Mod please delete. Got the info i needed.


----------



## cujo6801 (Aug 9, 2011)

"RandomSnapple said:


> So im new to this whole, changing lcd density thing. I absolutely love being able to change it, however some apps, like dialer don't take up the whole screen. its just like a small dialer with black around it. I don't know if that makes any sense, but if it does, does anyone know how to fix it?


 common side effect of lowering your display density from 240 to 200.. no fix but to go back to 240


----------



## RandomSnapple (Aug 23, 2011)

cujo6801 said:


> common side effect of lowering your display density from 240 to 200.. no fix but to go back to 240


Thats very unfortunate. Oh well i guess ill live for now, or go back. Thanks for letting me know.


----------



## cujo6801 (Aug 9, 2011)

"RandomSnapple said:


> Thats very unfortunate. Oh well i guess ill live for now, or go back. Thanks for letting me know.


Anytime ....


----------



## Chitala383 (Oct 9, 2011)

How do u change lcd density in the first place?


----------



## cujo6801 (Aug 9, 2011)

"Chitala383 said:


> How do u change lcd density in the first place?

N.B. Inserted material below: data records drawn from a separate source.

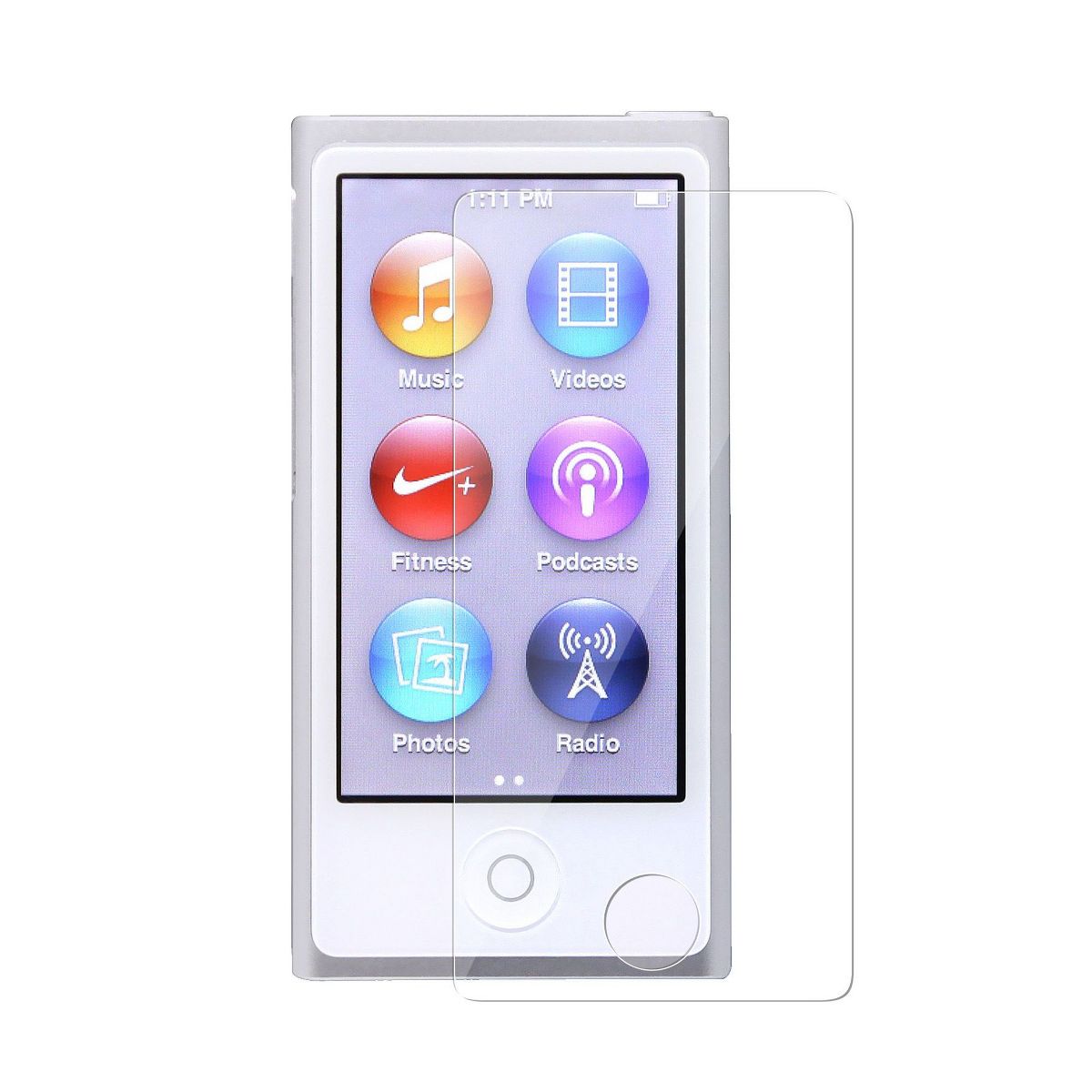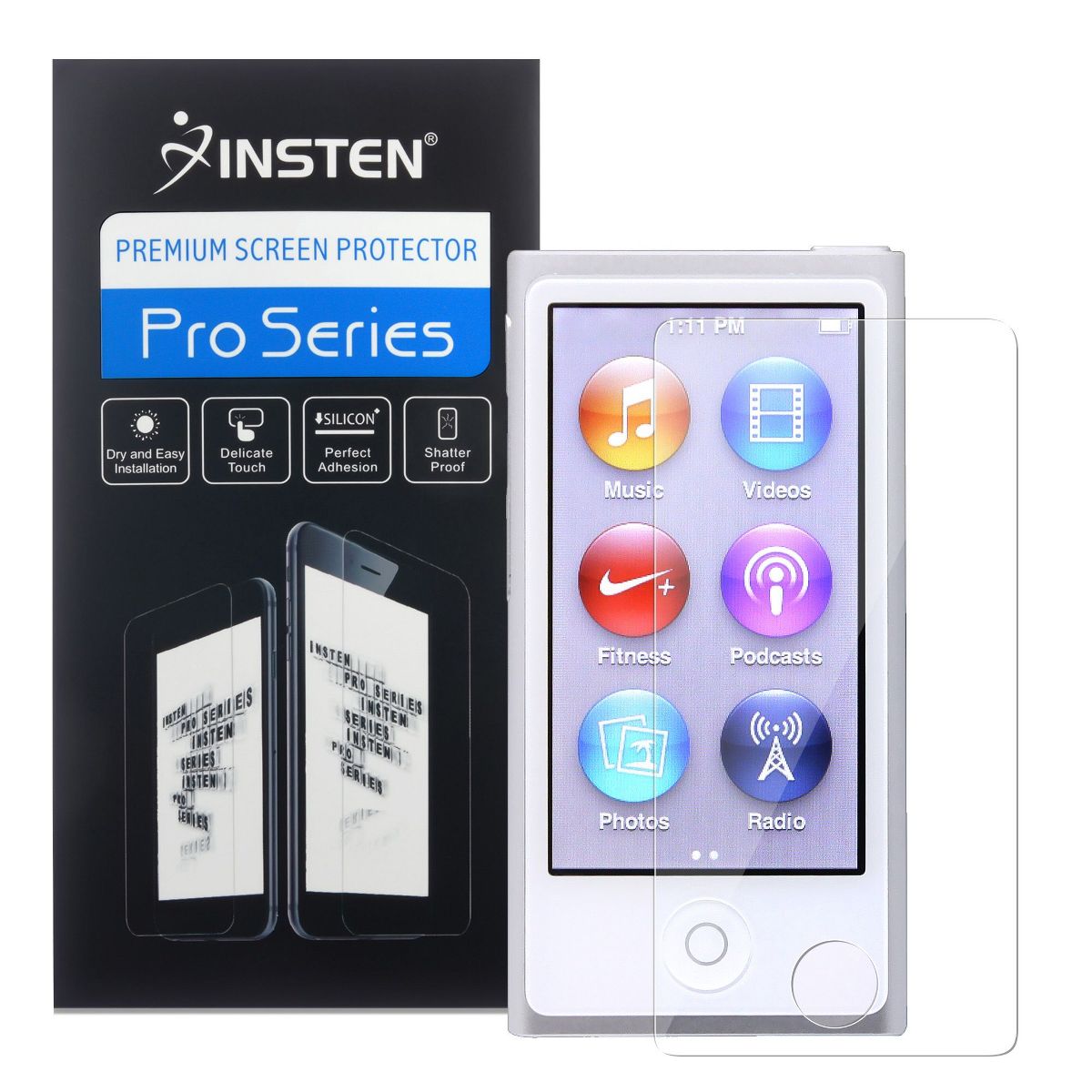 This screen protector compatible with iPod nano 7th Generation features easy to install installation steps. Installation steps may be found on the two tabs on the front and back protector layer. Protect your portable music player against dust and scratches with this reusable screen protector. Screen protector covers the whole front side of your device. Offers tough, durable, transparent surface while keeping the LCD screen clean and unscratched. Attaches smoothly with self-adhering surface. Leaves no residue when removed. Features. 99% UV Protection: Reduces eye strain caused by the LCD screen. Anti-Scratch Film: thickest and most durable. 99% Transparent: unmatched clarity. Washable and Reusable: Never need to buy another screen protector again. Silicone Adhesive Coating: No glue residue when removed. Ultra Smooth Surface: Enhance the experience and utilization of touch screen and stylus features. Includes. Reusable Screen Protector. Lint-free Cleaning Cloth. Accessory ONLY. MP3 player not included. NOTE: Please apply the screen protector gently in order to avoid too much pressure onto the screen.
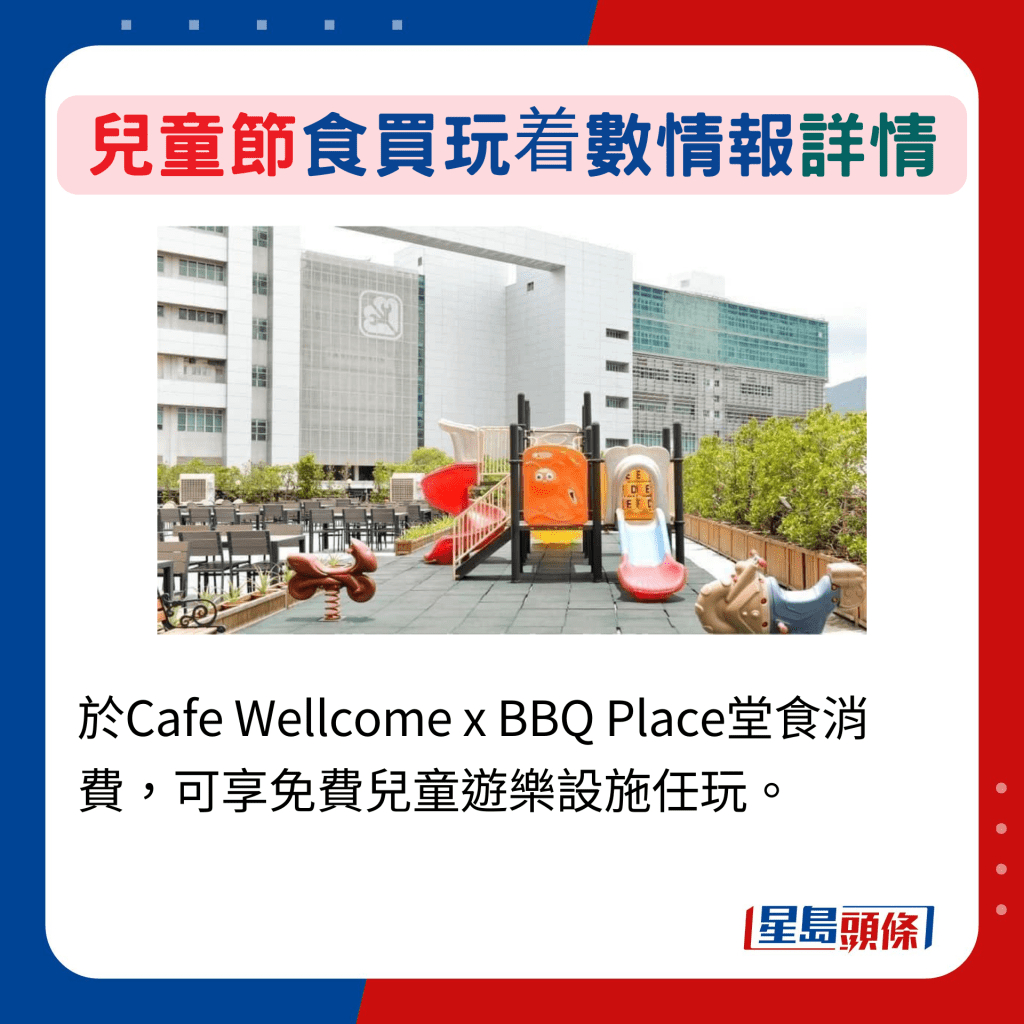 ▲于Cafe Wellcome x BBQ Place堂食消費,可享免費兒童游樂設施任玩。
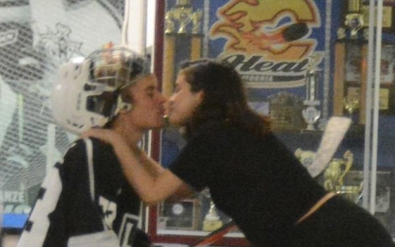 justin打曲棍球,selena献吻证明复合。(互联网)
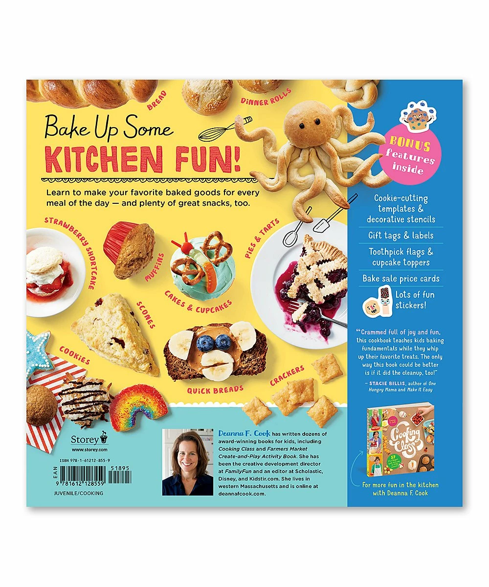 Following the best-selling book Cooking Class, this delightful baking cookbook for children ages 8β12 features 50 easy-to-follow, kid-friendly recipes. Lively step-by-step photos teach bakers-in-training how to knead dough, make biscuits, decorate cookies, and produce a perfect pie, along with essential skills like following directions and accurately measuring ingredients. Kids will learn to make both sweet and savory treats and will use fresh fruits and vegetables in recipes such as Bursting with Blueberries Muffins, Zombie Zucchini Bread, and Peachy Keen Crumble. Bonus goodie bag stickers, pop-out gift tags, and bake sale signs encourage kids to share their homemade delights with pride.
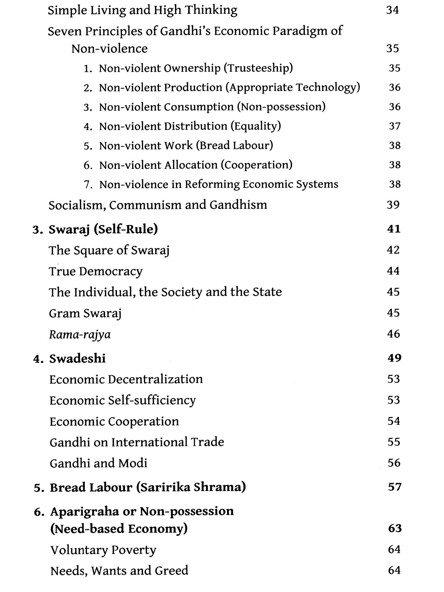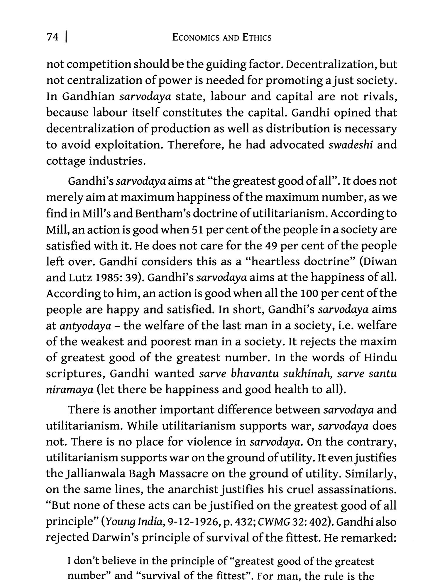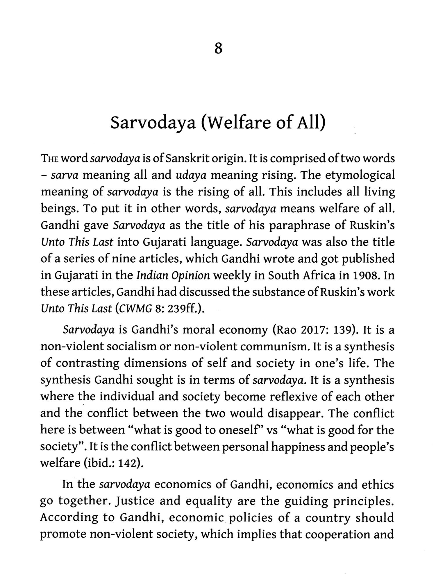 Chapter 2 "Ethics: The Basis of Gandhian Economic Order", further concretizes Gandhi's integration of economic and moral progress. Central principle of traditional economics is "self-interest", that of Gandhian economics is "good of all", particularly of the "last man" (Gandhi's Talisman). It means "simple living and high thinking", seeking satisfaction of "needs", not "greed". It means "non-violent" economic order.

Use a file manager go to systems /build.prop/scroll down to ro.sf.lcd_density =240 and change the 240 to 200 ..remember to hit save .then reboot ..


----------



## Cruiserdude (Jun 23, 2011)

I would advise making a backup of your build.prop first in the same folder, just append .bak to the end. That way if you mess up something else in there, you can easily fix it via adb.


----------



## cujo6801 (Aug 9, 2011)

Cruiserdude said:


> I would advise making a backup of your build.prop first in the same folder, just append .bak to the end. That way if you mess up something else in there, you can easily fix it via adb.


 good call.....


----------